電話がつながらない、説明が分かりにくい、提示された金額に納得できないなど、対応への不満はさまざまです。

対応に違和感を覚えたまま話を進めてしまうと、本来受け取れるはずの補償を受け取れないおそれもあります。

本記事では、保険会社の対応が悪いと感じたときの具体的な対処法をケース別に紹介します。

あわせて、相談できる窓口や、やってはいけないNG対応、弁護士へ相談するメリットについても解説しますので、参考にしてください。

本記事の結論

・保険会社の対応が悪いときは、担当者を変えてもらう、指定紛争解決機関(金融ADR・そんぽADR)や弁護士に相談する
・保険会社の対応が悪くなる理由は、担当者の対応件数が多い、示談交渉が長期化している、過失割合について争っているなど
・保険会社の対応が悪いときに弁護士へ相談するメリットは、交渉をすべて任せられる、法的根拠に基づいて争えるなど
・保険会社の対応が悪いと感じた人の実際の相談状況は、自動車保険に関する相談が多い、相談から解決まで平均3か月かかる

目次

保険会社の対応が悪いときの対処法【ケース別】

保険会社の対応が悪いと感じる状況は、人によって異なります。重要なのは、状況に応じて適切な対応を取ることです。

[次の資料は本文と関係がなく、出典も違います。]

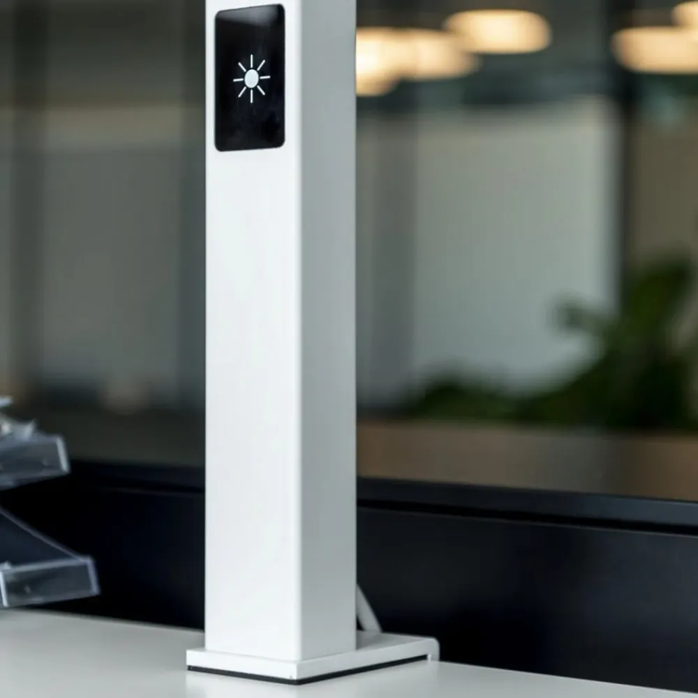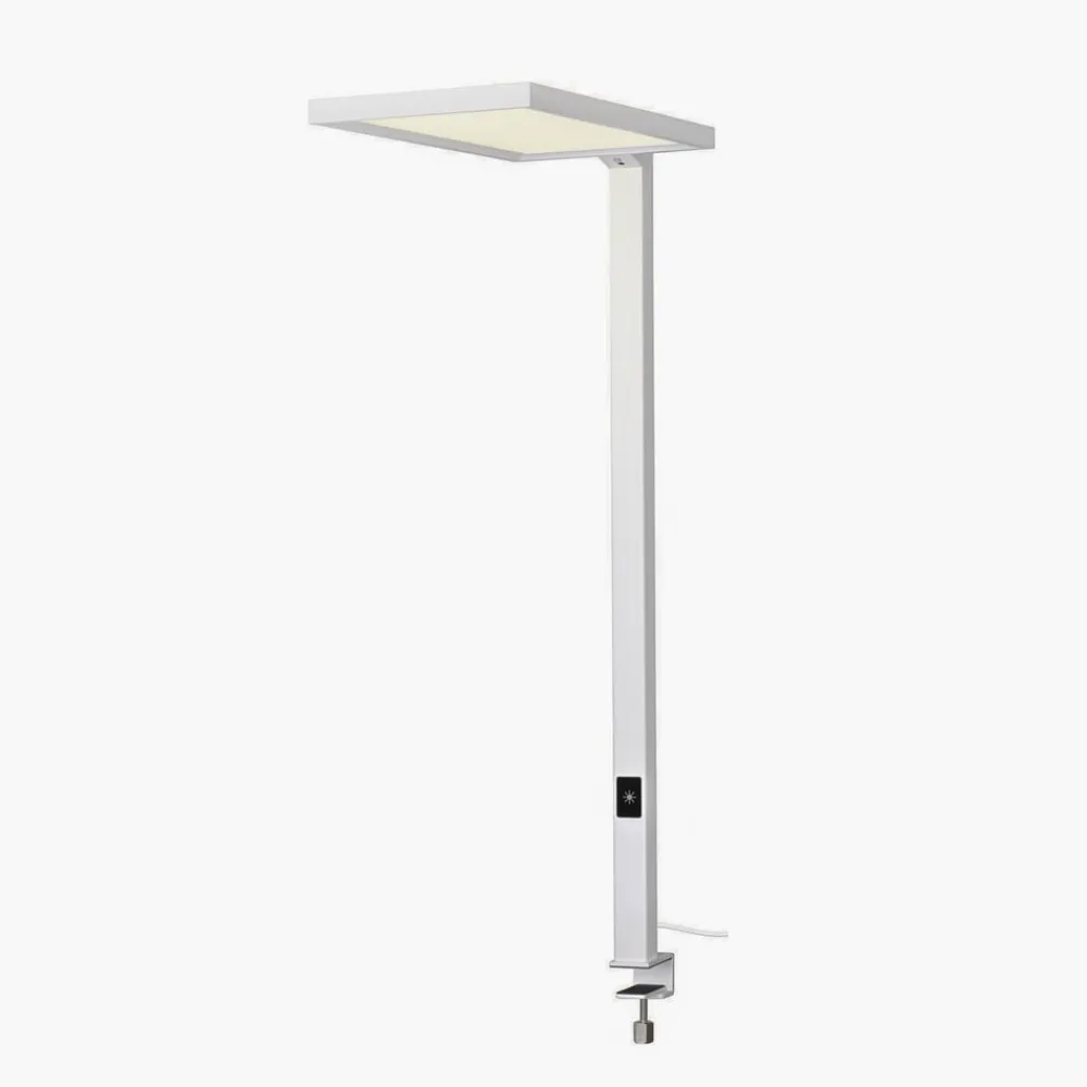 Allrounder på kontoret: Worklight LED-skrivebordslampe, der kan klemmes fast Worklight LED-klemmelampen kan placeres variabelt og pladsbesparende takket være klemmefastgørelsen til bordtykkelser på 0,6 til 4 cm. Aluminiumsrammen bærer et fladt, rektangulært hoved med integrerede LED’er. Deres universelle hvide lys udsendes over et stort område opad og nedad og giver omfattende omgivelses- og arbejdsbelysning. Den lave blændingseffekt gør den også velegnet til brug ved computerarbejdspladser på kontorer. Ud over betjening via touch-modulet på rammen er der også mulighed for automatisk styring. Til dette formål er Worklight udstyret med en bevægelses- og dagslyssensor, der skifter armaturet baseret på tilstedeværelsen af mennesker og regulerer lysudgangen baseret på den omgivende lysstyrke – God blændingskontrol: UGR < 19 – Bevægelsesdetektor: passiv infrarød – Slagfasthed: IK02

保険会社の対応が悪いときの対処法をケース別に紹介します。

  • 電話がつながらない・何度かけても出ない場合
  • 電話がしつこくかかってくる場合
  • 担当者の対応が冷たい・高圧的に感じる場合
  • 説明が専門用語ばかりで内容が分からない場合
  • 提示された保険金額が明らかに低いと感じる場合
  • 手続きが遅くて先に進まない場合
  • こちらの主張や質問をはぐらかされる場合

電話がつながらない・何度かけても出ない場合

電話がつながらない状況が続くと、不安が募るだけでなく、大きなストレスにもなります。連絡が取れない状態が続く場合は、電話以外の手段を併用することが重要です。

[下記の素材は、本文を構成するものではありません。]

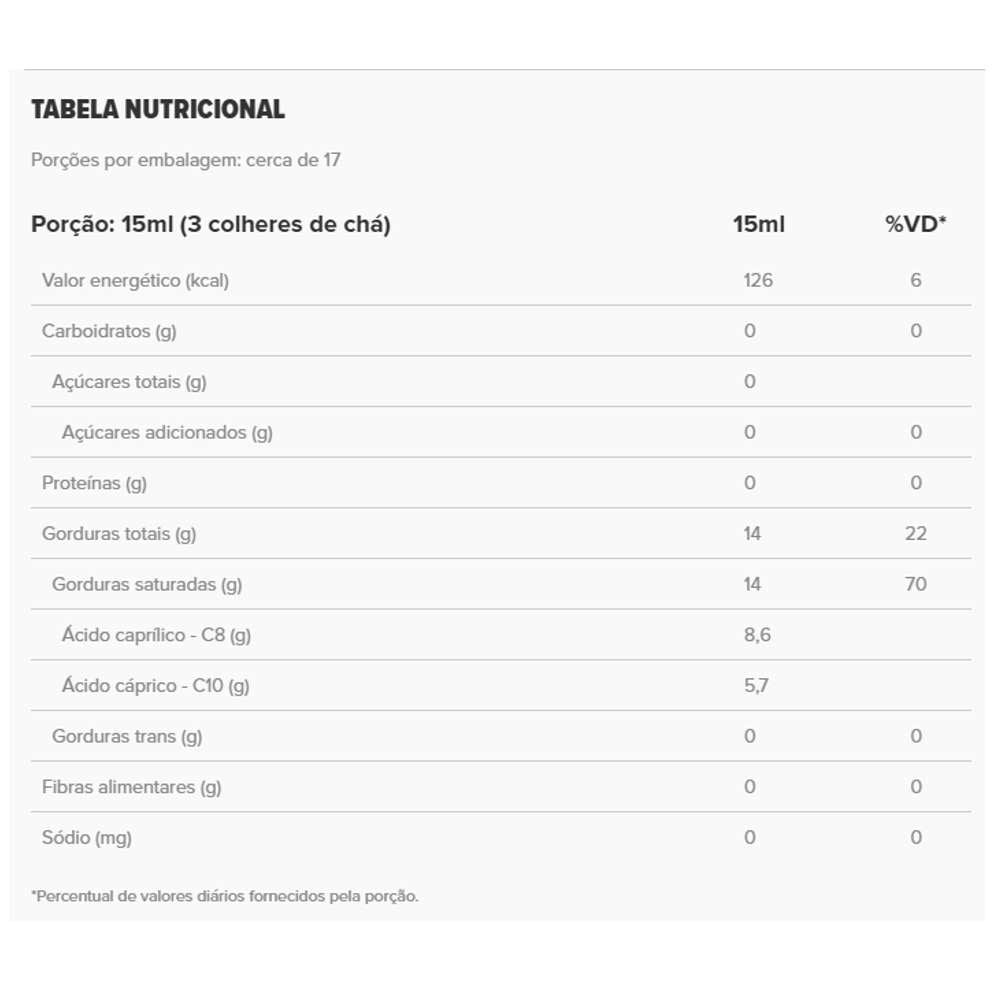 Composição: triglicerídeos de cadeia média (MCT) extraídos de óleo de coco, sem aditivos artificiais.

まず、メールや問い合わせフォームなど、文面で残る方法を活用しましょう。やり取りが記録として残るため、保険会社の対応が遅いことが明確になります。

保険会社によっては、カスタマーセンターに連絡し、折り返しの電話を依頼できるケースもあります。

また、電話をかける時間帯を見直すことも一つの方法です。始業直後や昼休み前後、夕方の時間帯は電話が集中しやすく、つながりにくい傾向があります。

比較的つながりやすい時間帯を選んでかけ直すことで、状況が改善することもあります。

電話がしつこくかかってくる場合

電話が頻繁にかかってきて困っている場合は、連絡を控えてほしい意思をはっきり伝えることが重要です。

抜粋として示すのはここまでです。